Šluknov Hook (, ;  or Böhmisches Niederland), Šluknov Spur, or Šluknov Projection is a salient region found in the northern Czech Republic along the border with Germany.

Geography
The area is part of the southern Lusatian Highlands, between the Elbe Sandstone Mountains in the west and the Lusatian Mountains in the east. It is administratively included in the northeastern Děčín District. The largest towns in the region are Varnsdorf, Rumburk, and Šluknov, after which it is named.

History
Šluknov Hook was traditionally closely connected with neighboring Saxony because it also had a German-speaking population. The expulsion of Germans from Czechoslovakia (1945–46) severed the connection when new Czech-speaking settlers arrived, creating a new linguistic border. The region did not reach pre-war population because it could not attract enough new settlers to replace the expelled German population.

Tourism
The territory has traditionally been marked by Roman Catholicism and its textile industry. It has numerous Baroque churches and corresponding cemeteries, as well as many chapels, cloisters, and places of pilgrimage. Many were built on the mountains of the region, while the great Baroque churches are found in each larger town.

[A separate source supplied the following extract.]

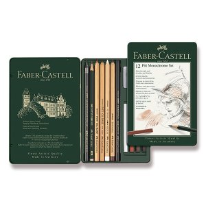 Umělecká sada Faber-Castell Pitt Monochrome v plechové krabičce obsahuje celkem 12 kusů - uhel, 2 grafitové tužky, 4 pastely, 4 křídy a profesionální gumu.

Most medieval castles in the area have been destroyed or have fallen into disrepair. Impressive ruins are found in the old town centre of Šluknov and in nearby Lipová; they are awaiting further reconstruction and restoration. The wooden houses of the region, already restored for the most part, are also popular with tourists. The local infrastructure is well-constructed in order to accommodate tourists.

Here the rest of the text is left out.